The belief in opportunity and upward mobility – long embodied in US culture by “the American dream” – has historically served as a powerful psychological buffer, fostering resilience and purpose even amid systemic barriers. However, as inequality widens and while career opportunities for many appear to narrow, research shows the gap between aspiration and reality can lead to disillusionment, chronic stress and increased psychological distress – particularly among marginalised groups. These feelings are only intensified in the age of social media, where constant exposure to curated success stories fuels social comparison and deepens the sense of falling behind.
For younger people in the UK and many parts of Europe, the fact that so much capital is tied up in housing means opportunity depends less on effort or merit and more on whether their parents own property – meaning they could pass some of its value down to their children.
‘Deaths of Despair and the Future of Capitalism’, a discussion hosted by LSE Online.
Stagnation also manifests in more subtle but no less damaging ways. Take infrastructure. In many countries, the true cost of flatlining growth has been absorbed not through dramatic collapse but quiet decay.
Across the UK, more than 1.5 million children are learning in crumbling school buildings, with some forced into makeshift classrooms for years after being evacuated due to safety concerns. In healthcare, the total NHS repair backlog has reached £13.8 billion, leading to hundreds of critical incidents – from leaking roofs to collapsing ceilings – and the loss of vital clinical time.

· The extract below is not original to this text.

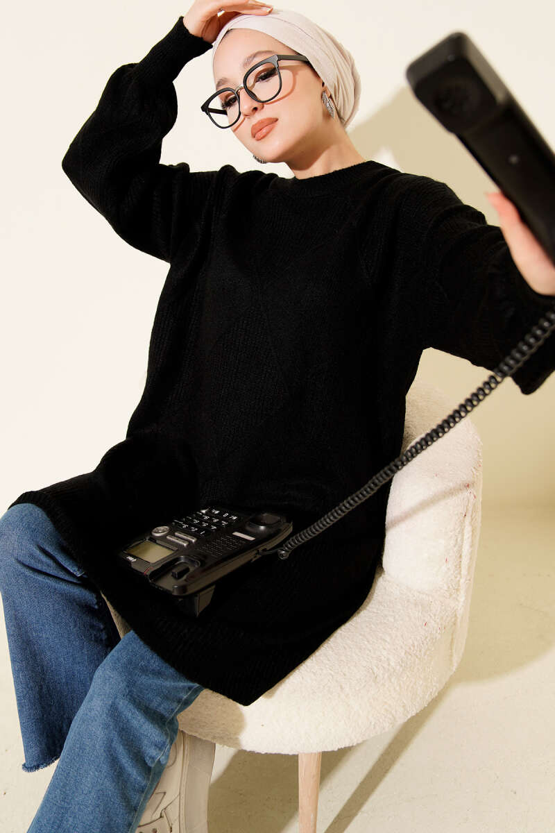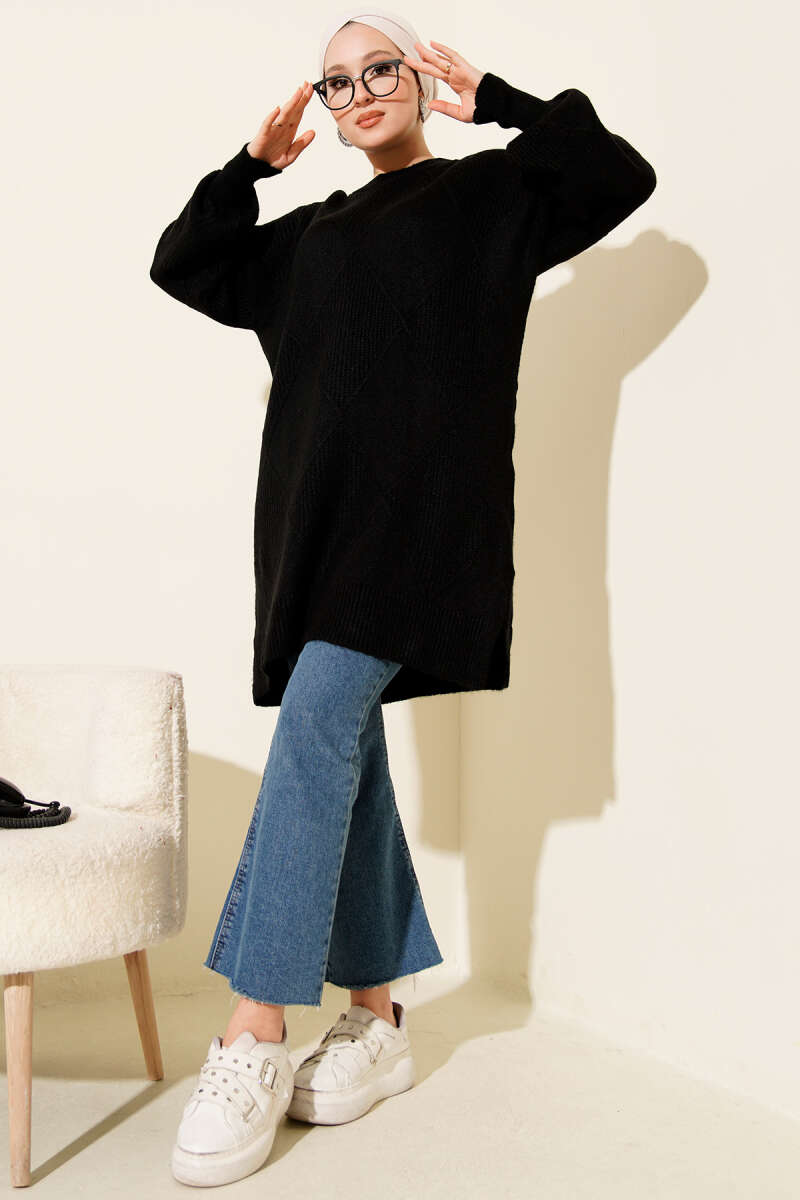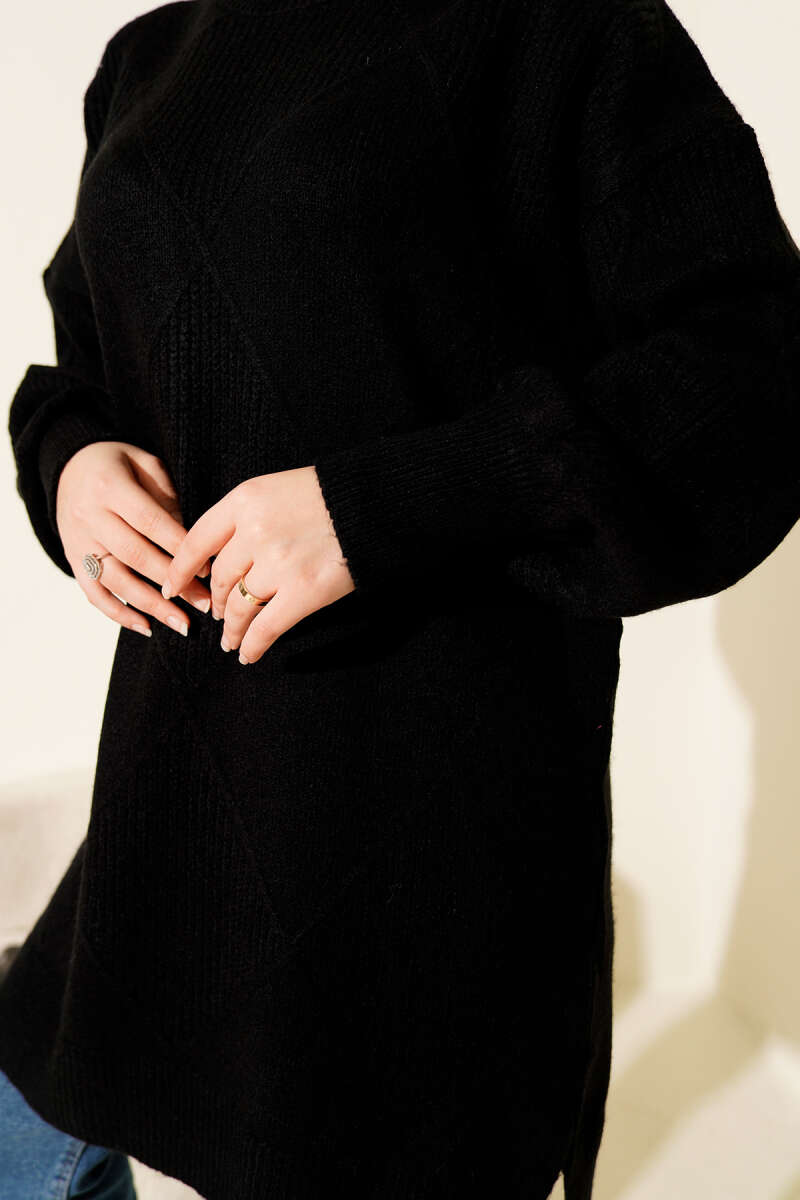Çizgi Kabartmalı Merserize Triko Tunik Pembe

Meanwhile, neglected government buildings across the country are affecting everything from prison safety to courtroom access, with thousands of cases disrupted due to structural failures and fire safety risks. These are not headlines but lived realities – the hidden toll of underinvestment, quietly hollowing out the state behind a veneer of functionality.

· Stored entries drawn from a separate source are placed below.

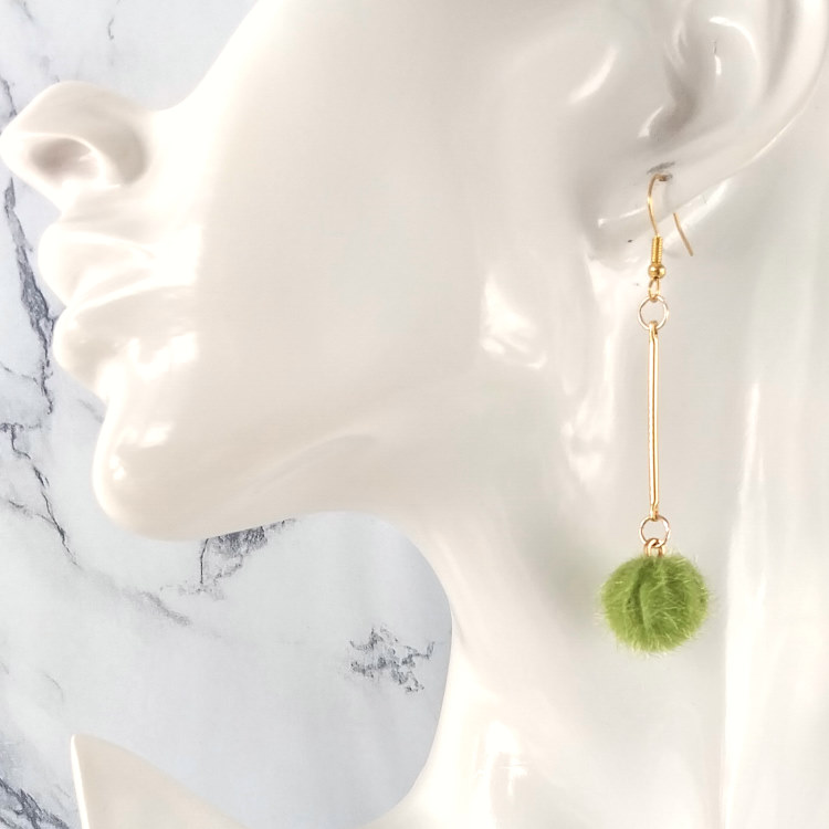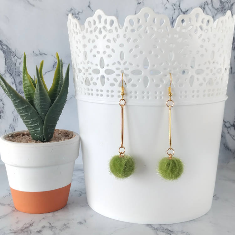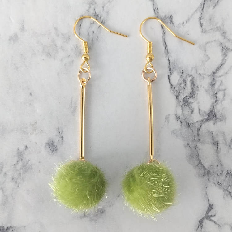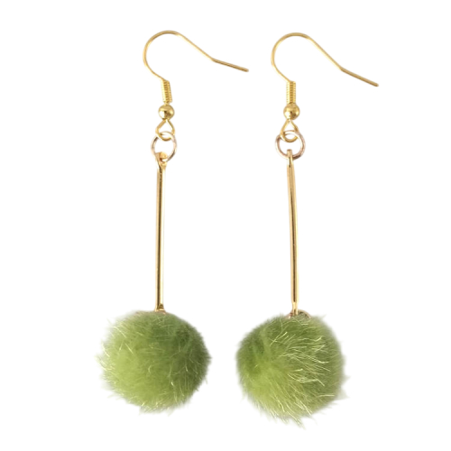 Boucles d'oreilles pendantes balancier avec pompon rond vert et tige dorée, pour oreilles percées. Style vintage rétro art déco pour un look tendance.Taille du pendant : 4,5 cm de hautMatière du pendant : Acrylique et laiton plaqué Matière des crochets : Acier inoxydable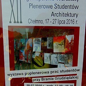 26.07.2016 między godz. 12:00 a 16:30 przy Bramce Grudziądzkiej grupa studentów architektury, która uczestniczyła w XII Ogólnopolskich Warsztatach Plenerowych zorganizowała wystawę swoich prac. Młodzi plastycy przebywali w Chełmnie 10 dni i w tym czasie uchwycili całe piękno naszego zabytkowego miasteczka. Różnorodność stylu zachwyciła mieszkańców, którzy mieli okazję przyglądać się ich dziełom podczas spaceru po Starówce. Sporo osób było zainteresowanych zakupieniem obrazów.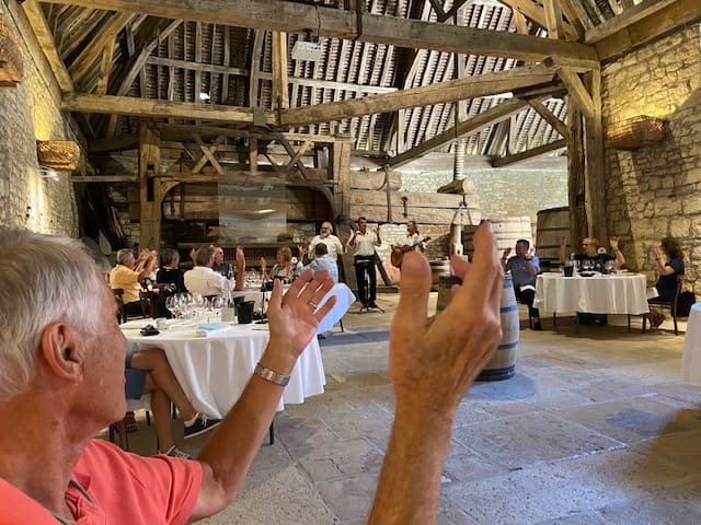 One memorable evening a while back we went to a small, country restaurant with our friends Jean-Marie (French) and Marion (Dutch). There were only two tables, quite close together: the four of us, and a party of 12, celebrating a birthday. Darn, there went our quiet evening, we thought. The raucousness started with the Ban Bourguignon (a clapping/chanting number that is a Burgundy classic) and escalated from there. One of the revelers jumped up and led us all in song, and pretty soon, after perhaps just a bit of wine, our group was singing and clapping right along with them. Eventually Jean-Marie abandoned us entirely and joined the French table!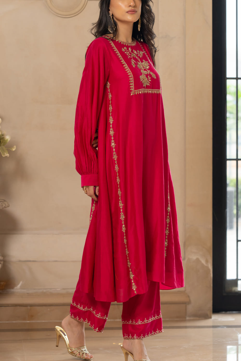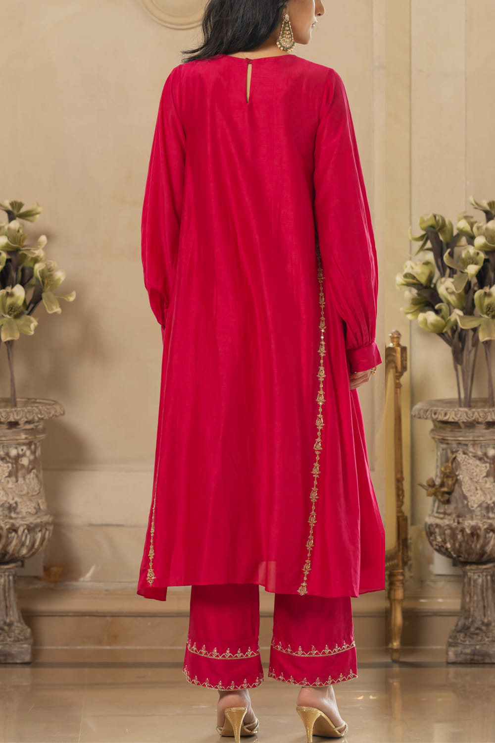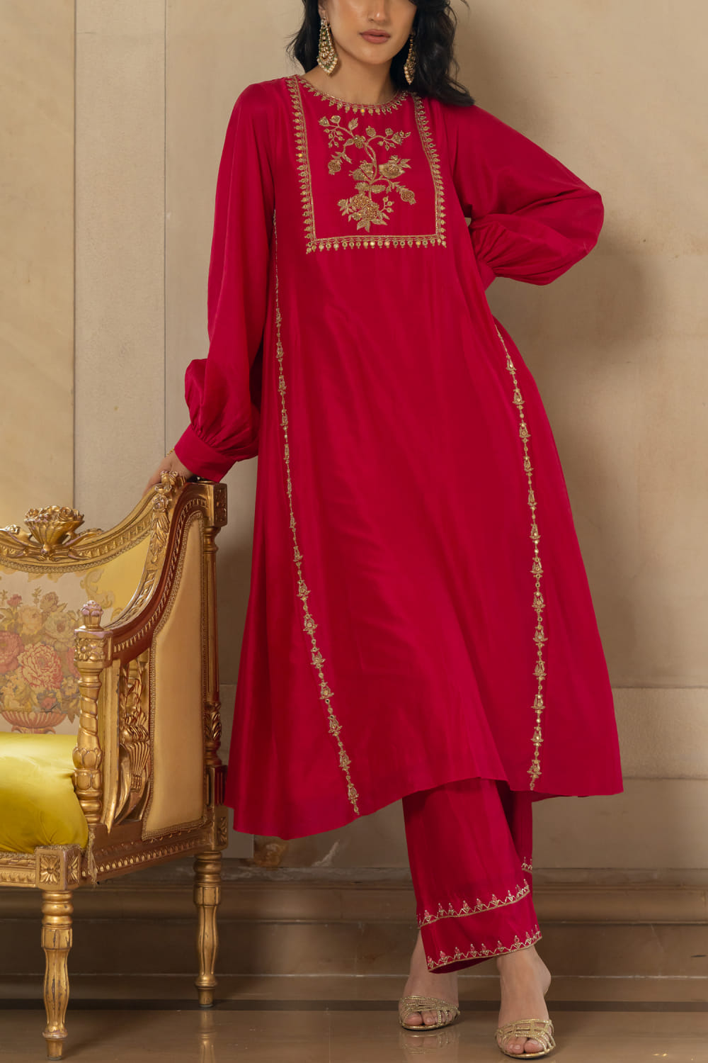 Paulmi & Harsh designs this striking kurta crafted in chiniya silk with antique gold hand embroidery detailing in floral and pomegranate patterns on the yoke featuring a flared silhouette, teaming it with matching pants. Style the look with chandbalis and juttis for pre-wedding festivities.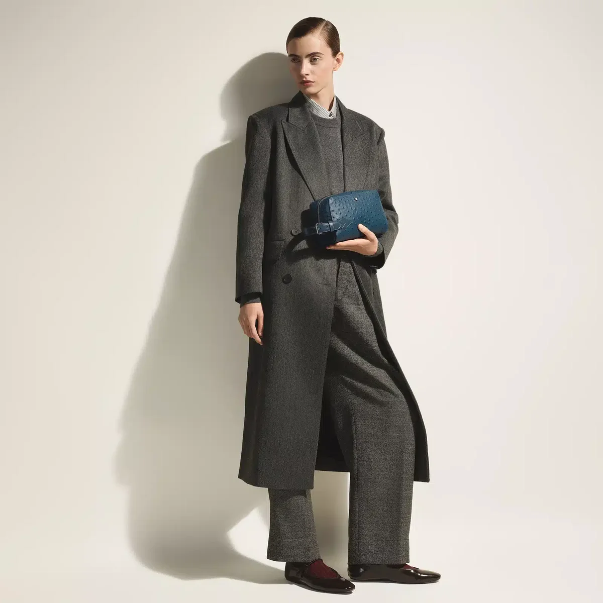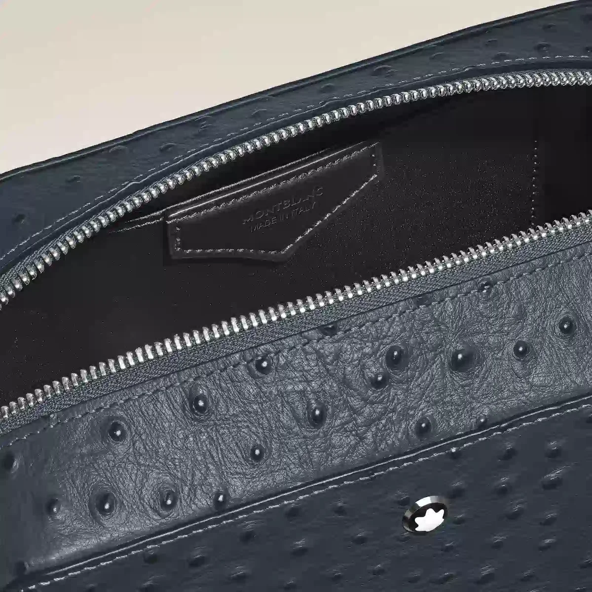 Con l’arte della scrittura al centro, la nuova pochette è realizzata in elegante pelle blu velvet con stampa struzzo. I dettagli agli angoli conferiscono al suo design un tocco distintivo e raffinato. Di dimensioni perfette per gli oggetti essenziali di uso quotidiano, è dotata di uno scomparto principale con tasca aperta e tracolla staccabile, che unisce eleganza e funzionalità versatile.

Without economic growth, governments face a stark dilemma: to raise revenues through higher taxes, or make further rounds of spending cuts. Either path has deep social and political implications – especially for inequality. The question becomes not just how to balance the books but how to do so fairly – and whether the public might support a post-growth agenda framed explicitly around reducing inequality, even if it also means paying more taxes.

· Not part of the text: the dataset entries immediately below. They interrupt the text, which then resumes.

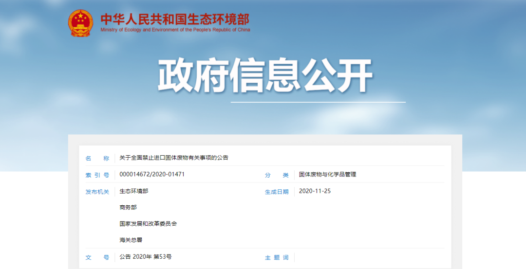 生态环境部、商务部等四部门联合印发《关于全面禁止进口固体废物有关事项的公告》,自2021年1月1日起施行。《公告》明确,禁止以任何方式进口固体废物。禁止我国境外的固体废物进境倾倒、堆放、处置。生态环境部停止受理和审批限制进口类可用作原料的固体废物进口许可证的申请。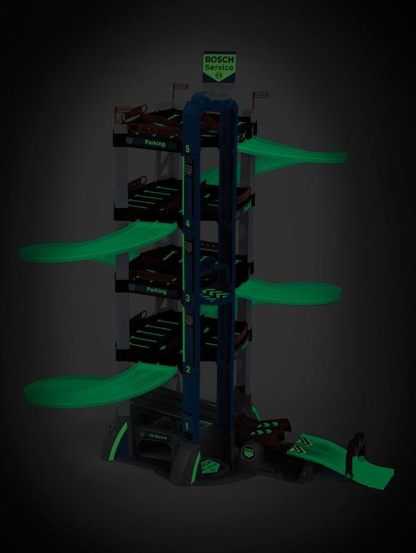 Dětská parkovací garáž v licenci Bosch s 5 patry a dvěmi autíčky a výtahem. Garáž když se nasvítí tak ji za tmy svítí dráhy. Rozměry garáže složené je výška 91cm a šířka 55cm. Doporučený věk 3+ przeczytaj całość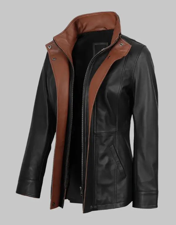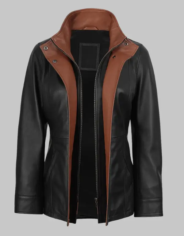 Brown side panels bring a unique contrast to the classic black body, adding definition and a chic contemporary twist. With two side pockets for everyday essentials and an extra interior pocket for your phone, this jacket is both functional and fashionable.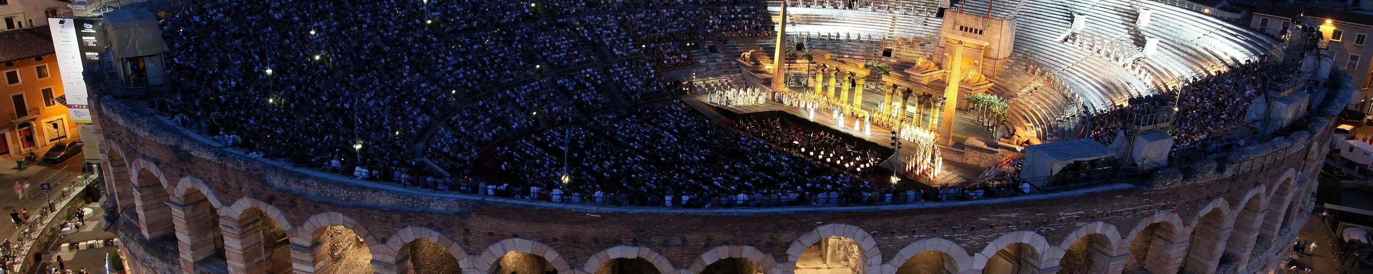 Book your tickets for opera masterpieces like La Traviata, Aida, Carmen, Tosca at the Verona Arena. This Opera Package includes an opera ticket, a 1-hour Verona guided tour (English and German), and free public transport in Verona area for the days after the event.Shows in 2026:JUNE/JULY (The Opera starts at 9:15 PM)FRI 12.06 LA TRAVIATA - PREMIÈRESAT. 13.06 LA TRAVIATA - PREMIÈREFRI 19.06 AIDA DI CRISTALLOSAT. 20.06 LA TRAVIATATHU. 25.06 AIDA DI CRISTALLOFRI 26.06 NABUCCOSAT. 27.06 LA TRAVIATATHU. 2.07 AIDA DI CRISTALLOFRI 3.07 LA BOHEMESAT. 4.07 NABUCCOSUN. 5.07 LA TRAVIATATHU. 9.07 LA TRAVIATAFRI 10.07 AIDA DI CRISTALLOSAT. 11.07 LA BOHEMESUN. 12.07 NABUCCOTHU. 16.07 LA TRAVIATAFRI 17.07 LA BOHEMESAT. 18.07 NABUCCOSUN. 19.07 AIDA DI CRISTALLOTHU. 23.07 NABUCCOFRI 24.07 AIDA DI CRISTALLOSAT. 25.07 LA BOHEMETHU. 30.07 AIDA ZEFFIRELLIFRI 31.07 LA TRAVIATAAUGUST/SEPTEMBER (The Opera starts at 9:00 PM)SAT. 1.08 NABUCCOTHU. 6.08 LA TRAVIATAFRI 7.08 TURANDOTSAT. 8.08 NABUCCOSUN. 9.08 AIDA ZEFFIRELLIFRI 14.08 TURANDOTSAT. 15.08 AIDA ZEFFIRELLITHU. 20.08 NABUCCOFRI 21.08 TURANDOTSAT. 22.08 LA TRAVIATASUN. 23.08 AIDA ZEFFIRELLITHU. 27.08 TURANDOTFRI 28.08 NABUCCOSAT. 29.08 LA TRAVIATASUN. 30.08 AIDA ZEFFIRELLITHU. 3.09 TURANDOTFRI 4.09 AIDA ZEFFIRELLISAT. 5.09 LA TRAVIATAWED. 9.09 NABUCCOTHU. 10.09 AIDA ZEFFIRELLIFRI 11.09 TURANDOTSAT. 12.09 LA TRAVIATA

In fact, public attitudes suggest there is already widespread support for reducing inequality. According to the Equality Trust, 76% of UK adults agree that large wealth gaps give some people too much political power.
Research by the Sutton Trust finds younger people especially attuned to these disparities: only 21% of 18 to 24-year-olds believe everyone has the same chance to succeed and 57% say it’s harder for their generation to get ahead. Most believe that coming from a wealthy family (75%) and knowing the right people (84%) are key to getting on in life.
In a post-growth world, higher taxes would not only mean wealthier individuals and corporations contributing a relatively greater share, but the wider public shifting consumption patterns, spending less on private goods and more collectively through the state. But the recent example of France shows how challenging this tightope is to walk.
In September 2024, its former prime minister, Michel Barnier, signalled plans for targeted tax increases on the wealthy, arguing these were essential to stabilise the country’s strained public finances. While politically sensitive, his proposals for tax increases on wealthy individuals and large firms initially passed without widespread public unrest or protests.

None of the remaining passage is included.